На подходе к границе лазутчик замер и прислушался: где-то рядом был китайский патруль. Славка с кошачьей ловкостью залез на старую липу. В июле липа стояла пёстрая, как будто в камуфляже: ярко-зелёный лист перемежался с жёлтыми семенами. С этого дерева хорошо было видно и вспаханную пограничную полосу, и приближающихся китайских пограничников.
С обратной стороны липы было большое дупло, а в нем много черной шерсти, пропитанной тяжелым запахом. Видимо, здесь зимовал гималайский медведь. Слава скомкал шерсть и выкинул в сторону кустов, а сам как можно плотнее вжался в древесную полость.
Служебная собака почуяла запах медведя и облаяла кусты. Инструктор отдернул пса, и патрульные продолжили путь. Лазутчик выдохнул, улыбнулся и проводил расчет глазами. Парень спокойно слез с дерева и пошёл к контрольной полосе. Но эти кусты со спелой малиной! А Слава был голоден, и ему хотелось пить. Две горсти ягод спасли бы его положение. Славка соблазнился. Какая же сладкая ягода!
Неожиданно он услышал треск и чавканье. Раздвинув стебли малины, Слава увидел бурого медведя, который наслаждался ягодой с не меньшим удовольствием, чем человек. «Значит, собака почуяла не только запах шерсти», – подумал парень.
Не оглядываясь, Слава сделал три аккуратных шага назад, резкая боль пронзила его левую ногу, он вскрикнул и упал. Медведь, встревоженный криком, ломанулся через кусты. Парень повернул голову и увидел старого китайца в маскировочной одежде.
– Чжэньбао дао нельзя! Привет бабке Нинг от брата, – сказал китаец с акцентом, развернулся и ушёл через малинник.
У Славы было повреждено сухожилие, он подобрал сук и поковылял через вспаханную полосу. На родной стороне его уже ждали товарищи и два месяца госпиталя.
Нина всегда была образцовой хозяйкой. Вот и сегодня она затеяла баодзи – китайские пирожки на пару. Их очень любит внук. Сейчас он за тысячу километров служит в армии, но именно сегодня Нина с утра встала с твердым решением приготовить баодзи. Рецепт она помнила ещё с далёкого китайского детства, вот только пекинской капусты в советском магазине «Овощи и фрукты» не продавали. Нина заменяла её белокочанной.
Квартира у Нины была обычной хрущёвкой, полученной ею по праву жены репрессированного. Но получить жилые метры удалось не сразу. Квартиру дали только после письма Климу Ворошилову, которое скинула в почтовый ящик в самой Москве проводница поезда. Проводницу Нина, конечно же, заранее отблагодарила деньгами.
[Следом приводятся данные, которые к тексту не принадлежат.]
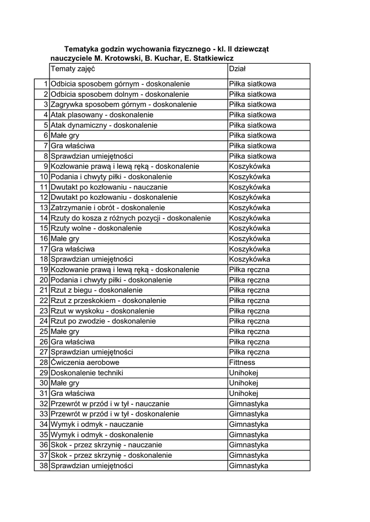 Tematyka godzin wychowania fizycznego - kl. II dziewcząt nauczyciele M. Krotowski, B. Kuchar, E. Statkiewicz Tematy zajęć Dział 1 2 3 4 5 6 7 8 9 10 11 12 13 14 15 16 17 18 19 20 21 22 23 24 25 26 27 28 29 30 31 32 33 34 35 36 37 38 Odbicia sposobem górnym - doskonalenie Odbicia sposobem dolnym - doskonalenie Zagrywka sposobem górnym - doskonalenie Atak plasowany - doskonalenie Atak dynamiczny - doskonalenie Małe gry Gra właściwa Sprawdzian umiejętności Kozłowanie prawą i lewą ręką - doskonalenie Podania i chwyty piłki - doskonalenie Dwutakt po kozłowaniu - nauczanie Dwutakt po kozłowaniu - doskonalenie Zatrzymanie i obrót - doskonalenie Rzuty do kosza z różnych pozycji - doskonalenie Rzuty wolne - doskonalenie Małe gry Gra właściwa Sprawdzian umiejętności Kozłowanie prawą i lewą ręką - doskonalenie Podania i chwyty piłki - doskonalenie Rzut z biegu - doskonalenie Rzut z przeskokiem - doskonalenie Rzut w wyskoku - doskonalenie Rzut po zwodzie - doskonalenie Małe gry Gra właściwa Sprawdzian umiejętności Ćwiczenia aerobowe Doskonalenie techniki Małe gry Gra właściwa Przewrót w przód i w tył - nauczanie Przewrót w przód i w tył - doskonalenie Wymyk i odmyk - nauczanie Wymyk i odmyk - doskonalenie Skok - przez skrzynię - nauczanie Skok - przez skrzynię - doskonalenie Sprawdzian umiejętności Piłka siatkowa Piłka siatkowa Piłka siatkowa Piłka siatkowa Piłka siatkowa Piłka siatkowa Piłka siatkowa Piłka siatkowa Koszykówka Koszykówka Koszykówka Koszykówka Koszykówka Koszykówka Koszykówka Koszykówka Koszykówka Koszykówka Piłka ręczna Piłka ręczna Piłka ręczna Piłka ręczna Piłka ręczna Piłka ręczna Piłka ręczna Piłka ręczna Piłka ręczna Fittness Unihokej Unihokej Unihokej Gimnastyka Gimnastyka Gimnastyka Gimnastyka Gimnastyka Gimnastyka Gimnastyka 39 40 41 42 43 44 Sprawdzian siły Gry i zabawy rekreacyjne Mała zabawa biegowa Duża zabawa biegowa Atletyka terenowa Atletyka terenowa - nordic walking 45 Biegi sprinterskie - 100 m 46 Biegi średnie - 400 m 47 Biegi średnie - 1500 m 48 Nauka jazdy na łyżwach 49 Doskonalenie jazdy na łyżwach 50 Gry i zabawy na lodowisku Wybór tematu oraz ilość godzin uzależniona jest od: - warunków pogodowych - warunków bazowych - dostępu do przyborów, sprzętu sportowego - liczebności grupy - poziomu motorycznego grupy - sprawności psychofizycznej ucznia Gimnastyka Gry i zabawy LA LA LA LA LA LA LA Łyżwiarstwo Łyżwiarstwo Łyżwiarstwo

Письма, которые отправляла сама Нина из Хабаровска, до Ворошилова не доходили.
Когда Нина услышала из коридора слова популярной песни «Над Амуром тучи ходят хмуро, край суровый тишиной объят», она уже не сомневалась. Это приехал её внук. Сердце бабушки не ошиблось.
Парень, стараясь не хромать, зашёл на кухню.
– Привет, баб!
– Славик, привет, вот это да! В отпуск или командировку?
Парень обнял Нину. Взгляд женщины уловил хромату внука.
– После госпиталя отпуск дали, не удачно упал. Мне предлагали дальше служить на острове поближе к Хабаровску, но уже не получится. О, баодзи!
Слава придвинул к себе тарелку с готовыми паровыми пирожками, смачно надкусил верхний пирожок.
– Руки помой!
– Вкусно. Соскучился по твоей еде, – солдатик еще раз откусил от пирожка, – Баб, а тебе китайский брат привет передавал.
Нина поменялась в лице и уронила готовый баодзи обратно в пароварку.
– Какой брат?! Он давно умер.
– Да живой он, я его летом видел… Ну, или не его. А почему раньше о нем не рассказывала? Меня по службе проверяли, никаких вопросов не задавали. А я в детстве заветный чемоданчик с иероглифами на замке у тебя видел.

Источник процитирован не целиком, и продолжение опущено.